» **WHAT YOU WILL DO**
Which lines belong in your copy? Those from the start of the data through the line with "嗯哼不开心的时候,霍思燕一撒娇,嗯哼就反过来哄妈妈。", exactly as written, without any pictures.
=== EXCERPTED DATA ===
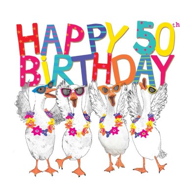 Show your appreciation in style with this stunning white greeting card, featuring three cheerful geese dancing with joy, wearing sunglasses and vibrant floral leis. The lively, fun design is paired with the bold, colourful message “Thank You”, written in big, eye-catching letters to express your gratitude with flair.
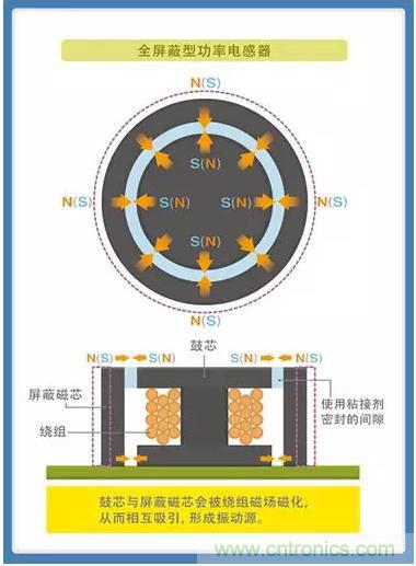 当电感器附近存在屏蔽罩等磁性体时,磁性体会因电感器漏磁通影响产生振动,从发生啸叫。
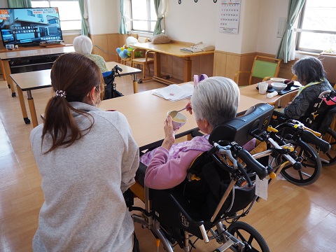 昼食後、体調や身体に変化がないか気を配りながら対応していきます。
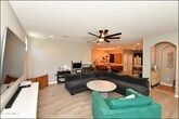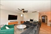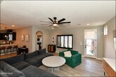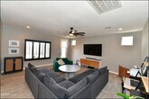 This stunning 3-bedroom,2-bath home blends modern style with comfort. The open floor plan features a light-filled living area,upgraded modern ceiling fan,and a dining space accented by a stylish chandelier. The kitchen boasts stainless steel appliances,a premium Samsung Bespoke fridge,and plenty of counter space for cooking or entertaining.
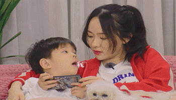 嗯哼不开心的时候,霍思燕一撒娇,嗯哼就反过来哄妈妈。
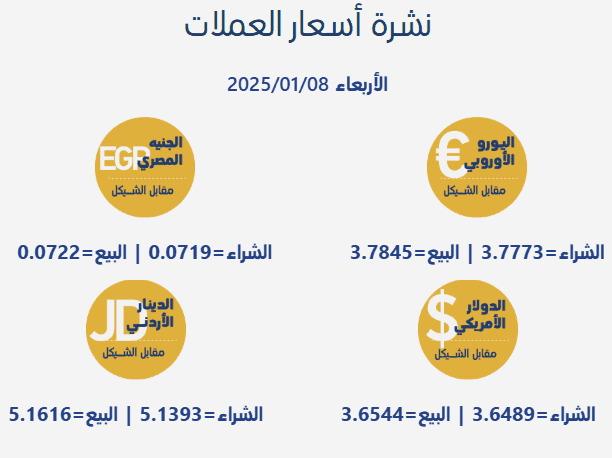 جاءت أسعار صرف العملات مقابل الشيقل الإسرائيلي، اليوم الأربعاء، بحسب سلطة النقد الفلسطينية، على النحو التالي:
===
» **THE ANSWER**
 Show your appreciation in style with this stunning white greeting card, featuring three cheerful geese dancing with joy, wearing sunglasses and vibrant floral leis. The lively, fun design is paired with the bold, colourful message “Thank You”, written in big, eye-catching letters to express your gratitude with flair.
 当电感器附近存在屏蔽罩等磁性体时,磁性体会因电感器漏磁通影响产生振动,从发生啸叫。
 昼食後、体調や身体に変化がないか気を配りながら対応していきます。
 This stunning 3-bedroom,2-bath home blends modern style with comfort. The open floor plan features a light-filled living area,upgraded modern ceiling fan,and a dining space accented by a stylish chandelier. The kitchen boasts stainless steel appliances,a premium Samsung Bespoke fridge,and plenty of counter space for cooking or entertaining.
 嗯哼不开心的时候,霍思燕一撒娇,嗯哼就反过来哄妈妈。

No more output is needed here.